*What to produce*:
Keep the pictures out, please, and set down every record exactly.

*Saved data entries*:
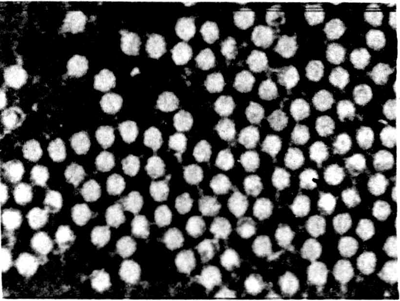 浓核病病毒属于细小病毒科,学名为Den-sovirus,简称DNV。病毒粒子呈球状,直径为20~23毫微米,沉降系数为100S左右,病毒核酸为单链脱氧核糖核酸(SSDNA),其含量与分子量因株系不同而略有差异。编码为D/1∶1.5~2.2/19~32∶S/S∶I/O(见图)。
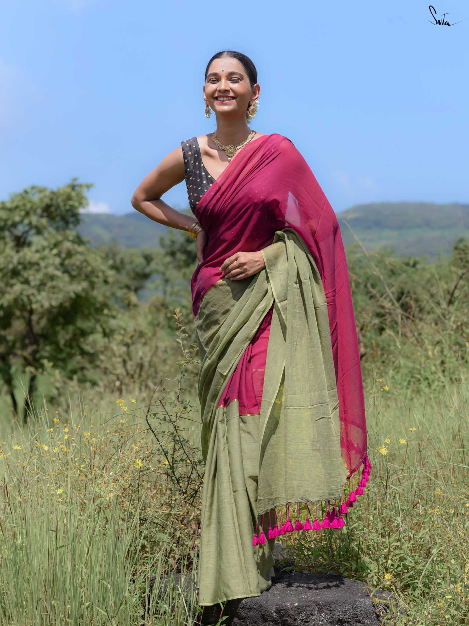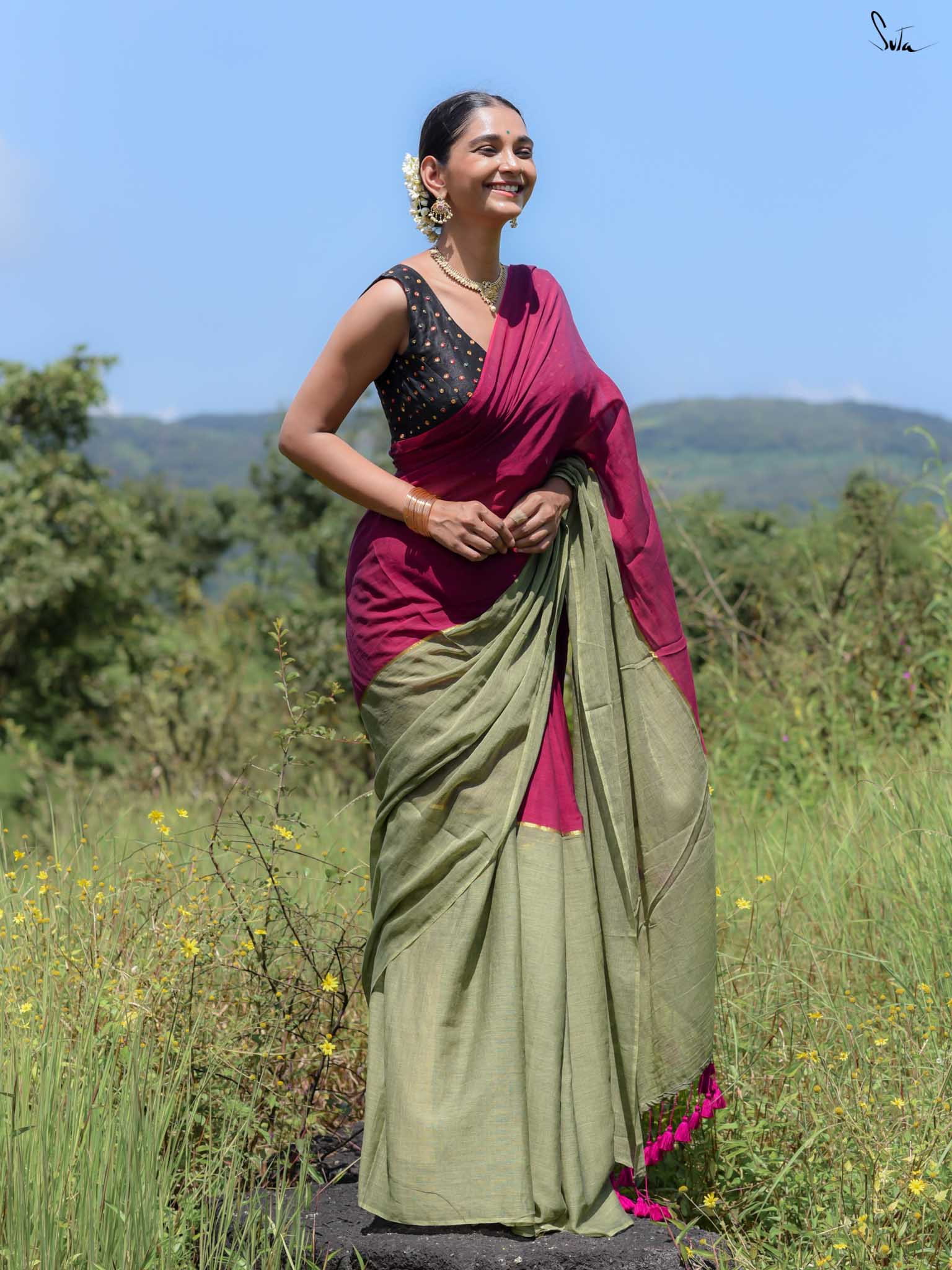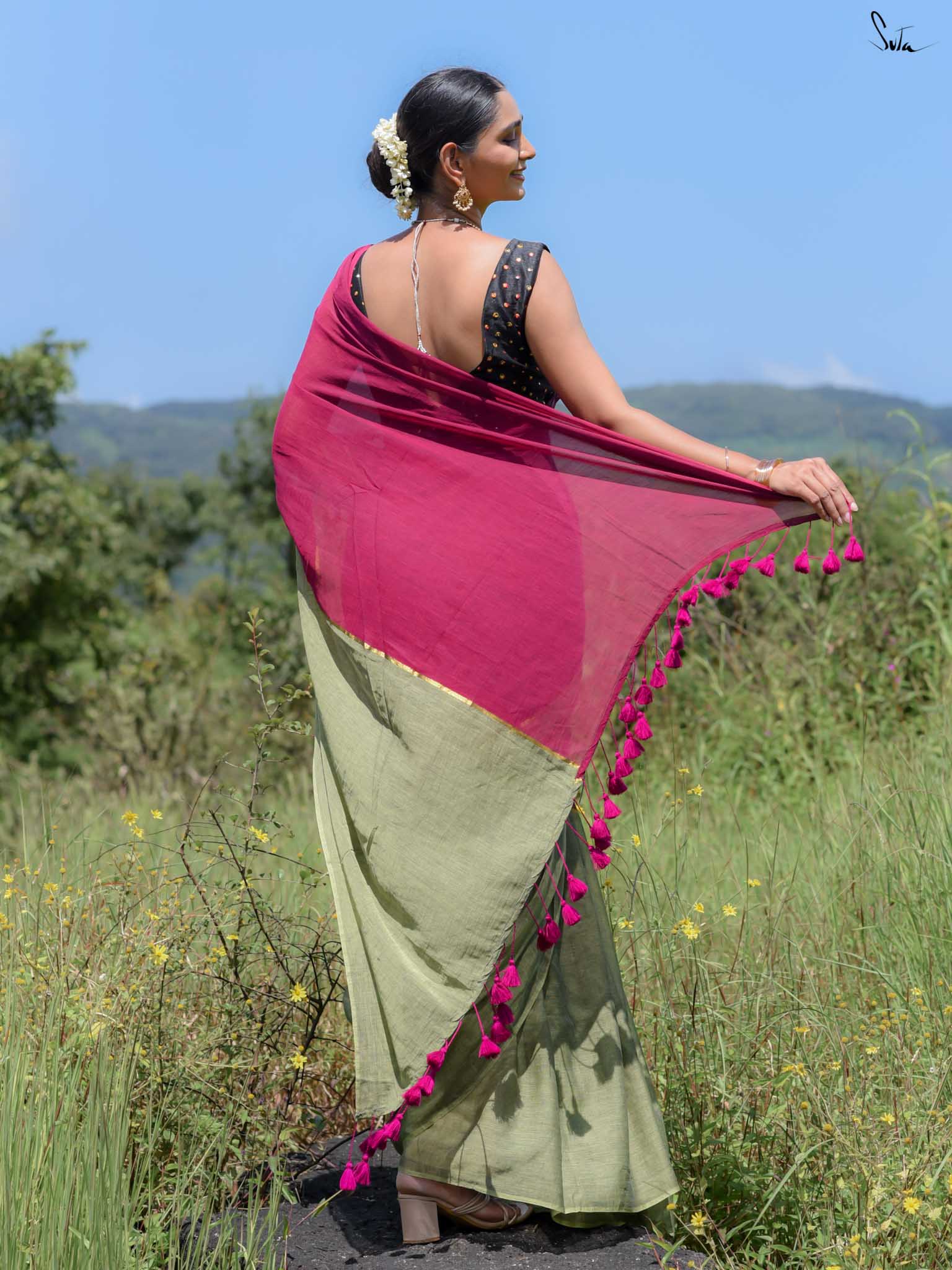 Celebrate vibrant contrasts with Dipped in Gulaab, a mul cotton saree that brings together pink and green in a striking half-and-half design. The center is highlighted with a delicate zari stripe, adding a subtle shimmer that enhances the elegance of the drape. Woven with care, this saree combines artisanal craftsmanship with everyday comfort, making it perfect for festive occasions or wedding celebrations.
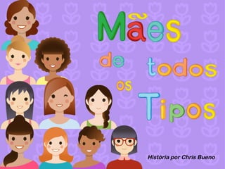 O documento explora a diversidade de mães, descrevendo diferentes tipos, personalidades e comportamentos, desde mães desligadas até mães engraçadas e corajosas. Apesar das variações, todas compartilham um amor imenso e especial por seus filhos. A autora também menciona seu agradecimento a sites que fornecem imagens para ilustrar suas obras.
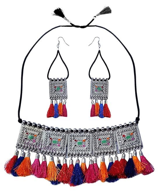 Alloy Brass Necklace Earrings Set for Women-MULTICOLOR
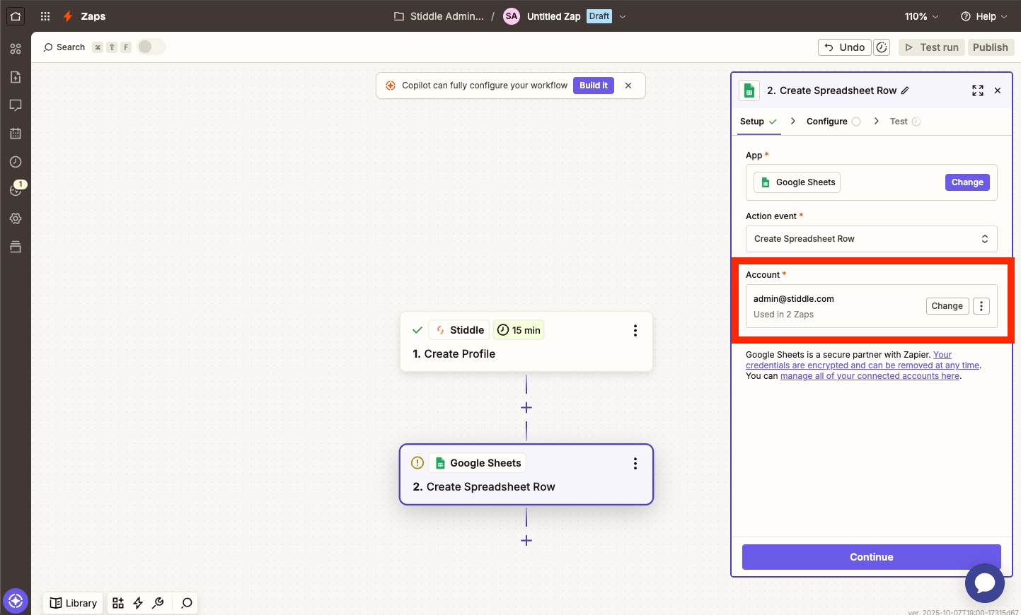 You will now see your Stiddle workspace connected to Zapier and selected under "Account". To continue, select the "Continue" button.
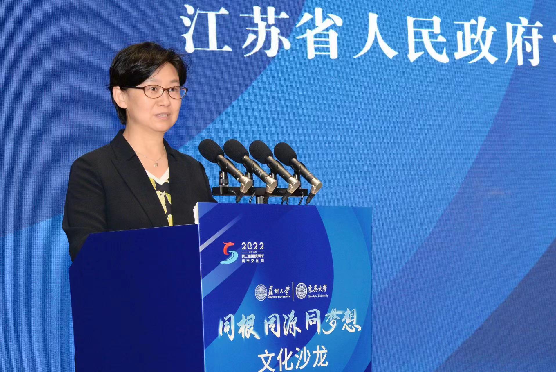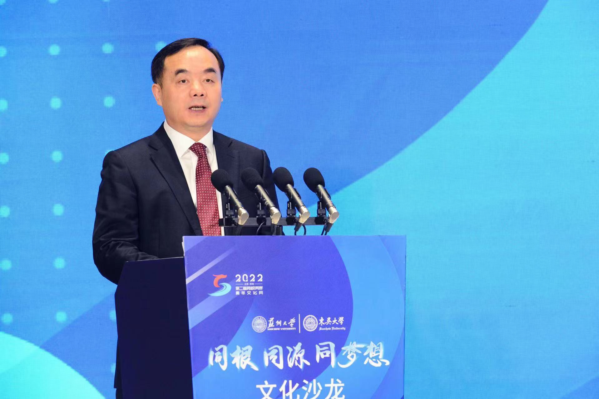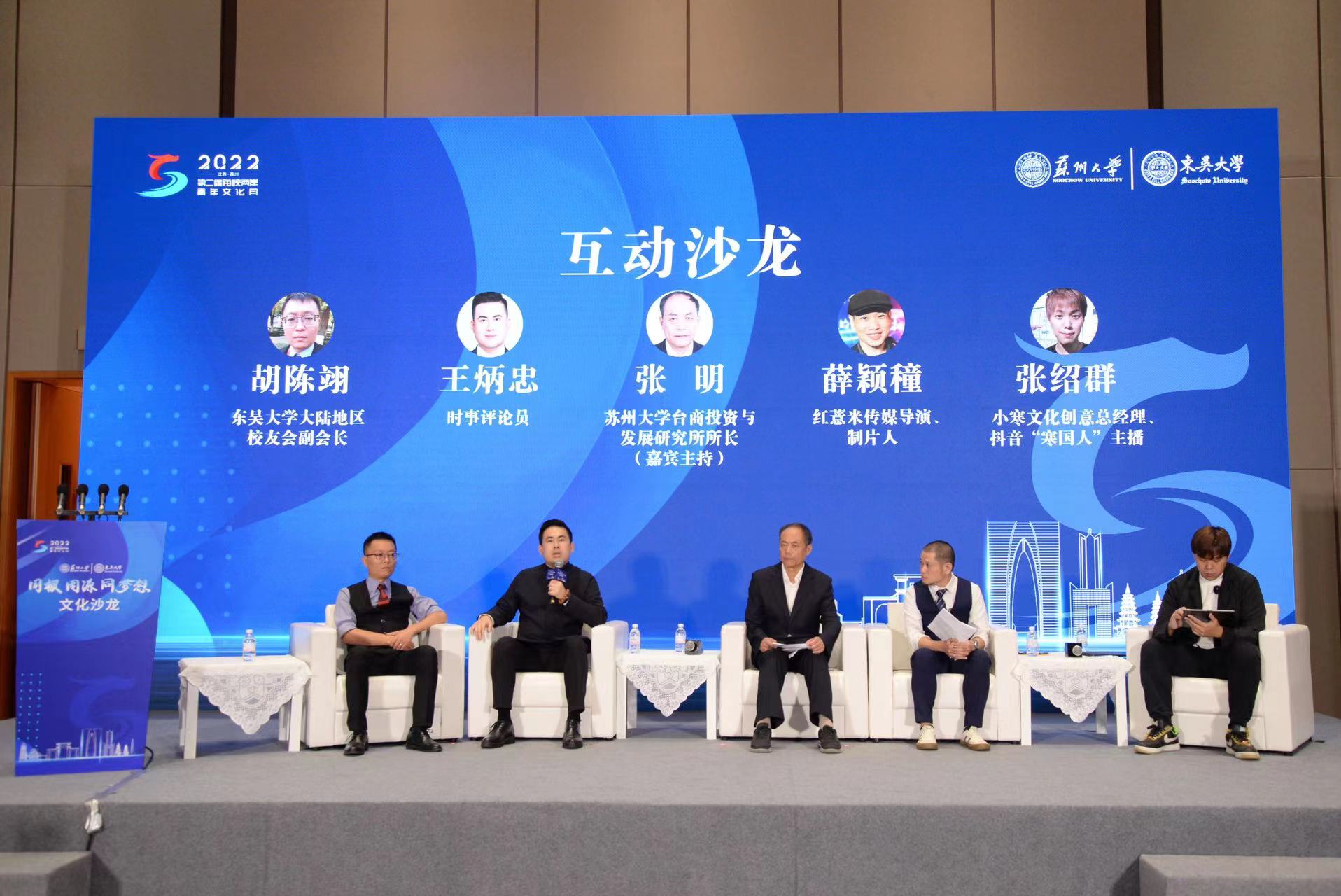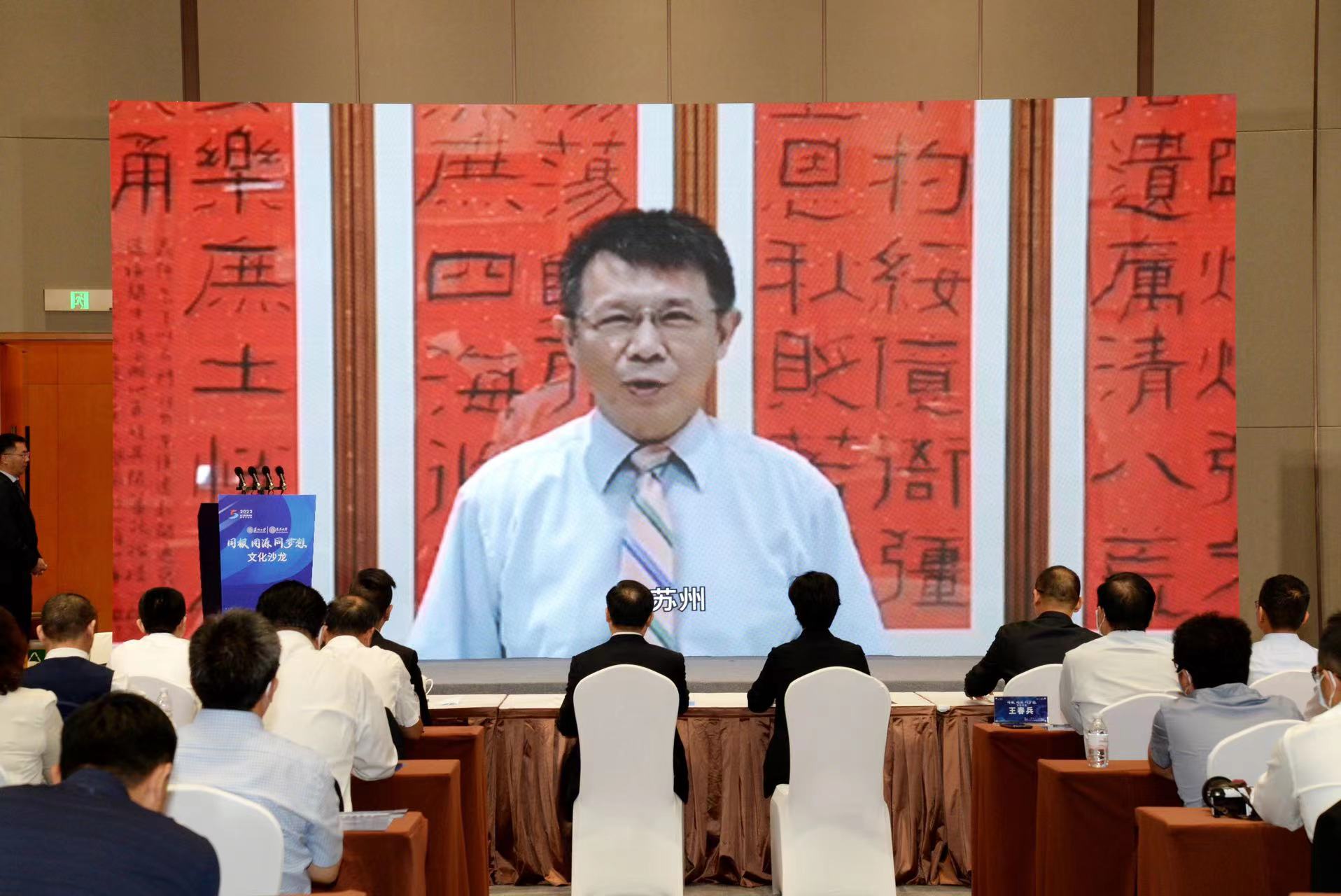 9月17日,“同根同源同梦想”第二届苏州大学与台湾东吴大学文化沙龙在苏州狮山会议中心举行。江苏省人民政府台湾事务办公室主任练月琴、一级巡视员吴伟荣、苏州大学校长张晓宏、苏州市人民政府台湾事务办公室主任沈晶、中华大陈同乡总会理事长胡志伟、中华统一促进党光武党部主委刘万里等省台办、市委市政府、市台办以及我校相关部门负责同志参加活动。活动由校党委常委、副校长李孝峰主持。

*Result of the task*:
 浓核病病毒属于细小病毒科,学名为Den-sovirus,简称DNV。病毒粒子呈球状,直径为20~23毫微米,沉降系数为100S左右,病毒核酸为单链脱氧核糖核酸(SSDNA),其含量与分子量因株系不同而略有差异。编码为D/1∶1.5~2.2/19~32∶S/S∶I/O(见图)。
 Celebrate vibrant contrasts with Dipped in Gulaab, a mul cotton saree that brings together pink and green in a striking half-and-half design. The center is highlighted with a delicate zari stripe, adding a subtle shimmer that enhances the elegance of the drape. Woven with care, this saree combines artisanal craftsmanship with everyday comfort, making it perfect for festive occasions or wedding celebrations.
 O documento explora a diversidade de mães, descrevendo diferentes tipos, personalidades e comportamentos, desde mães desligadas até mães engraçadas e corajosas. Apesar das variações, todas compartilham um amor imenso e especial por seus filhos. A autora também menciona seu agradecimento a sites que fornecem imagens para ilustrar suas obras.
 Alloy Brass Necklace Earrings Set for Women-MULTICOLOR
 You will now see your Stiddle workspace connected to Zapier and selected under "Account". To continue, select the "Continue" button.
 9月17日,“同根同源同梦想”第二届苏州大学与台湾东吴大学文化沙龙在苏州狮山会议中心举行。江苏省人民政府台湾事务办公室主任练月琴、一级巡视员吴伟荣、苏州大学校长张晓宏、苏州市人民政府台湾事务办公室主任沈晶、中华大陈同乡总会理事长胡志伟、中华统一促进党光武党部主委刘万里等省台办、市委市政府、市台办以及我校相关部门负责同志参加活动。活动由校党委常委、副校长李孝峰主持。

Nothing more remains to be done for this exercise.